The reality is that Israel gets $5billion per year of our taxes, is armed to the teeth with US weapons (including WMD), waged a relentless war of occupation and colonization. Israeli intellectuals from Martin Buber to Jeff Halper and Ilan Pappe did not shy away from describing such war as aiming to destroy a whole society to replace it with a new society and culture while blaming the victims.
President Bush correctly pointed out that the US government stood alone in supporting isolation of Arafat. But he was wrong to state that this is because it was the right thing to do. Not discussed are the Israeli lobby, the Christian Zionist influence (not a mainstream tradition), and the military exports (which now dominate US exports, mostly to the Middle East). As Senator Fullbright said, the US public would be up in arms if they knew the truth.

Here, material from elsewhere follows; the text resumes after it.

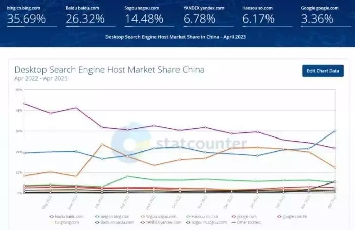 2023年5月22日音訊,據(jù)StatCounter的數(shù)據(jù)顯示,在中國(guó)內(nèi)地桌面查找市場(chǎng)上,到2023年4月,微軟必應(yīng)的份額再次創(chuàng)出歷史新高,達(dá)到了37.4%,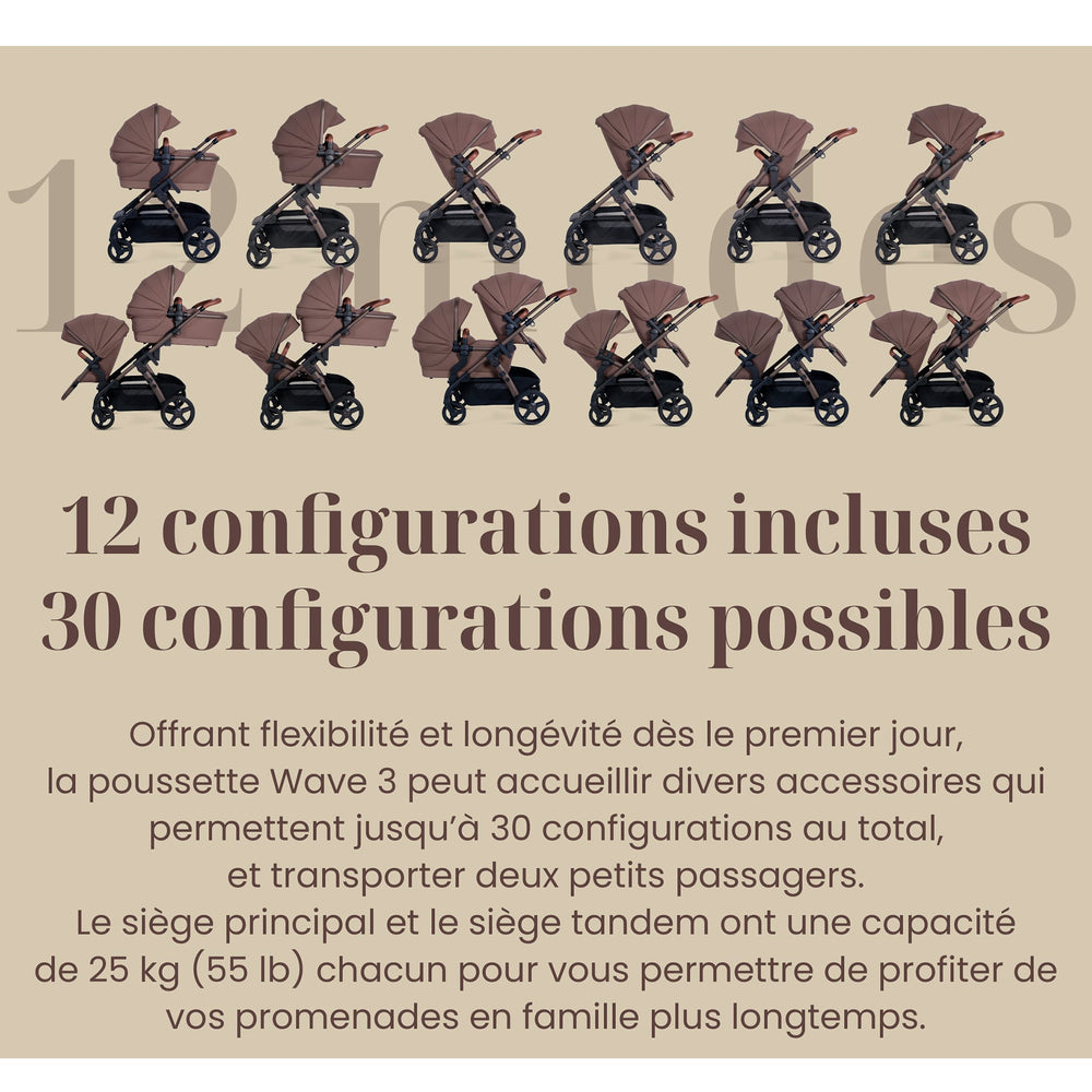 Conçue pour accompagner l’évolution de votre famille, la Wave 3 est une poussette simple et double qui s’adapte parfaitement à vos besoins. Grâce à son système ingénieux, elle permet jusqu’à 12 configurations dès la sortie de la boîte et peut être complétée par des accessoires pour atteindre 30 modes d’utilisation. Avec son design raffiné et ses finitions soignées, la Wave 3 offre flexibilité et confort, garantissant des promenades agréables en solo ou avec plusieurs enfants. Une poussette pensée pour aujourd’hui et demain !

There is something surreal about middle-aged white Zionists like Dennis Ross and Benjamin Netanahu discussing what to do with brown-skinned people “after Arafat”. Ross worked for a spin-off of AIPAC (the Israeli lobby in Washington) both before and after he was US envoy to the Middle East. Netanyahu, the ex-prime minister of Israel once said that Israel should have used the media distraction with the violence in China in 1989 to remove the remaining Palestinians from their homes and lands. It is like presenting a KKK member with the governor of Mississippi to discuss what to do after the death of a black leader in the south.

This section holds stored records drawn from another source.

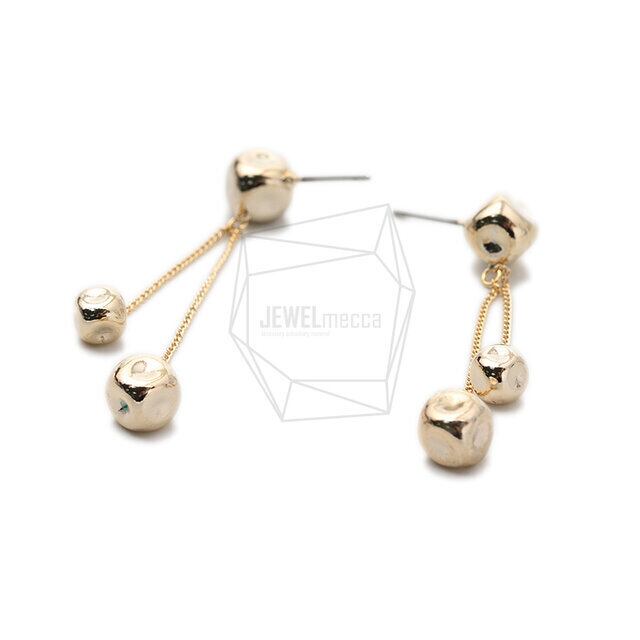 ERG-1652-G/2PCS/Triple Linked ball Post Earring/8mm X 45mm/Gold Plated Over Brass,Stainless Post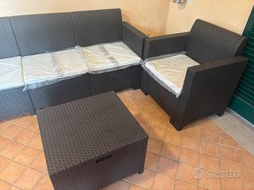 Il set è composto da un divano 3 posti,2 poltrone ed un tavolino contenitore(dentro è chiuso così non passa nè polvere nè nulla).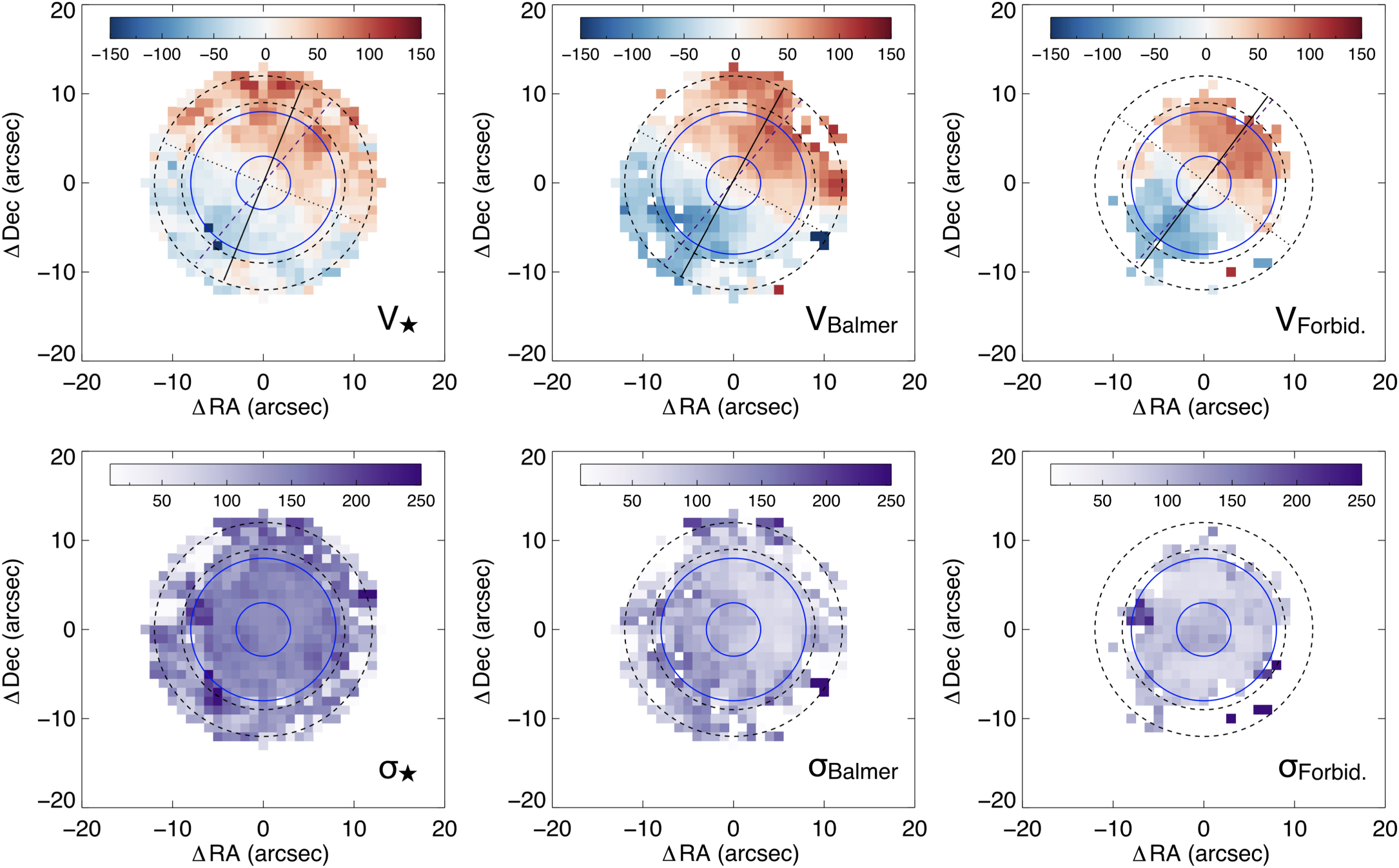 The velocity (v) and the velocity dispersion (σ) maps of stellar, balmer, and forbidden lines for the NGC 3182. The solid circles indicate the inner and outer boundaries of the star-forming ring. The inner and outer dashed circles imply the S/Ncontinuum of ∼30 and 20, respectively. Hα> 1.5 Å. [N II] or [O III] > 1.5 Å.

Vilification of Arafat and Muslims in general can only go so far in hiding the fact that Israeli apartheid with US patronage is harmful not only to people in the Middle East (Christians, Muslims, and Jews) but also to US public interests. If truth is told, the US public would not knowingly support Jewish only roads and settlements and a system of discrimination described by Bishop Desmond Tutu of South Africa as worse than what occurred in his country under Apartheid.
Arafat had flaws. He lived a frugal life but did not create mechanisms for dispensing public money in a transparent and non-partisan way. Only time will tell if this amounted to corruption or merely centralization of what little power he had. To our dismay, under his leadership, the PLO was willing to give up 78% of Palestine and accept resettling large numbers of Palestinian refugees away from their stolen lands instead of advocating for a pluralistic state for all its people. Israeli leaders, enabled by US support (itself influenced by Israeli lobby) foolishly relied on the discredited concept of “might makes right” to even ask Arafat for more. Meanwhile, the US veto was used 35 times at the UN to shield Israel from International law while its military hammered the Palestinian population and continued the process of ethnic cleansing.
Golda Meir and founding Israeli leaders used to say there is no Palestine and no Palestinians. Arafat and the Palestinian people not only proved them wrong but also showed how a people will to survive cannot be broken. Arafat’s death provides an opportunity to open the discourse to rational discussion that includes the Palestinian narrative.
For all Palestinians, including 300,000 Palestinian Americans, and millions of refugees whose voices are silenced, our struggle continues. Instead of foolishly trying to find individuals willing to sell Palestinian rights to satisfy Zionist greed (labeled “acceptable peace partners”), Israeli and American leaders should be compelled by their public to insist on international law and human rights. In other words only justice brings peace.